Question

from unit 1, lesson 9 a student has these scores on ten assignments. 0, 40, 60, 70, 75, 80, 85, 95, 95, 100 the teacher is considering dropping a lowest score. what effect does eliminating the lowest value, 0, from the data set have on the mean and median?

Explanation:

Step1: Calculate the original mean

The original data - set is \(0,40,60,70,75,80,85,95,95,100\). The formula for the mean \(\bar{x}=\frac{\sum_{i = 1}^{n}x_{i}}{n}\), where \(n = 10\) and \(\sum_{i=1}^{10}x_{i}=0 + 40+60 + 70+75+80+85+95+95+100=700\). So the original mean \(\bar{x}_{1}=\frac{700}{10}=70\).

Step2: Calculate the new mean

After dropping the lowest score (\(0\)), the new data - set is \(40,60,70,75,80,85,95,95,100\). Here \(n = 9\) and \(\sum_{i = 1}^{9}x_{i}=40+60 + 70+75+80+85+95+95+100=700\). So the new mean \(\bar{x}_{2}=\frac{700}{9}\approx77.78\). The change in the mean is \(\bar{x}_{2}-\bar{x}_{1}=77.78 - 70 = 7.78\).
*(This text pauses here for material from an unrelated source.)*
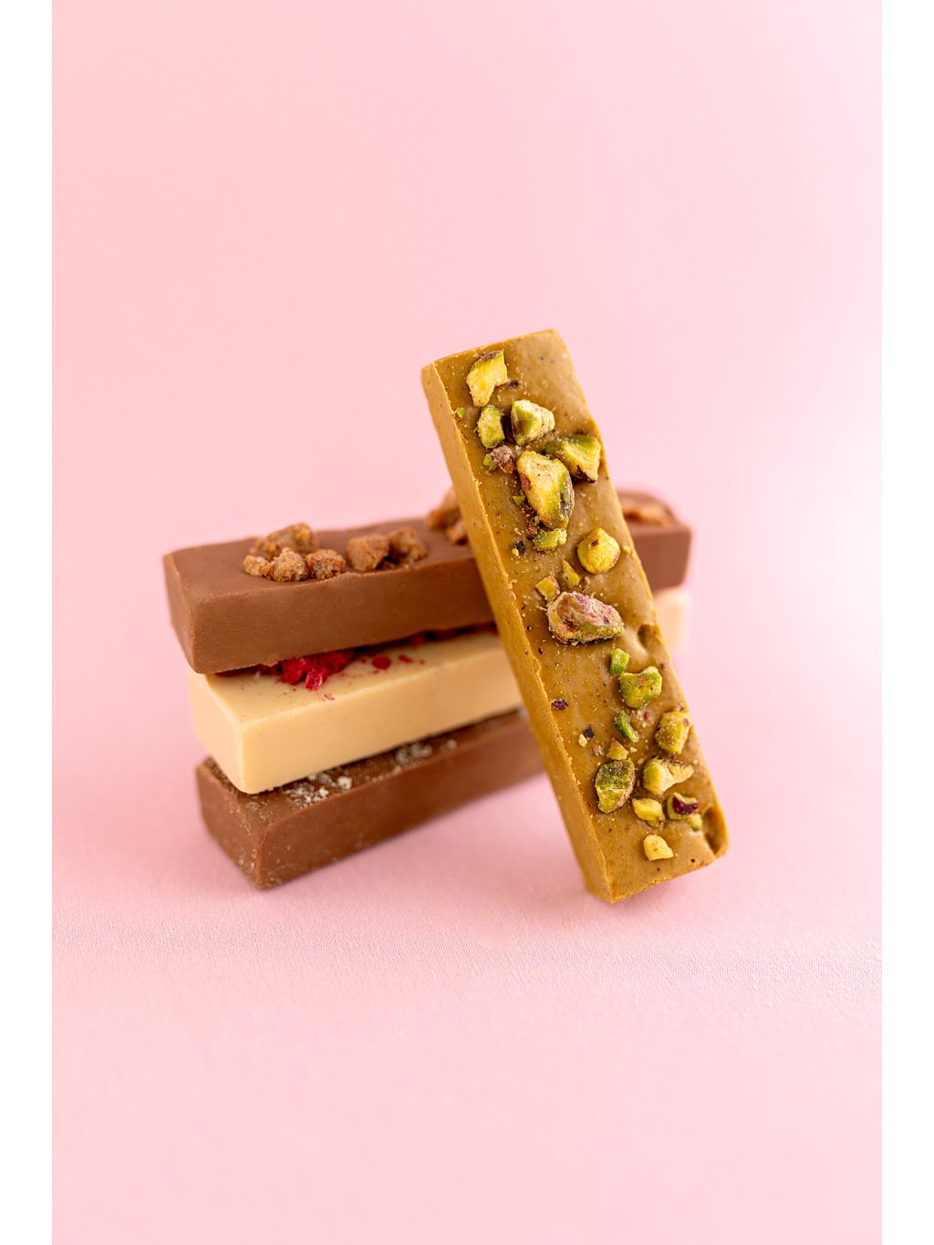 Biela čokoláda 40 % hm. (cukor, kakaové maslo, sušené plnotučné mlieko, emulgátor: sójový lecitín, prírodná vanilková aróma), 100% pistáciová pasta, sekané pistácie.

Step3: Calculate the original median

For \(n = 10\) (an even - numbered data - set), the median is the average of the \(\frac{n}{2}\)th and \((\frac{n}{2}+1)\)th ordered values. \(\frac{n}{2}=5\) and \(\frac{n}{2}+1 = 6\). The 5th value is \(75\) and the 6th value is \(80\). So the original median \(M_{1}=\frac{75 + 80}{2}=77.5\).

Step4: Calculate the new median

For \(n = 9\) (an odd - numbered data - set), the median is the \(\frac{n + 1}{2}\)th ordered value. \(\frac{n+1}{2}=5\). The 5th value in the new ordered data - set \(40,60,70,75,80,85,95,95,100\) is \(80\). The change in the median is \(M_{2}-M_{1}=80 - 77.5 = 2.5\).

The mean increases by approximately \(7.78\) and the median increases by \(2.5\).

Answer:

The mean increases and the median increases. The mean increases by approximately \(7.78\) and the median increases by \(2.5\).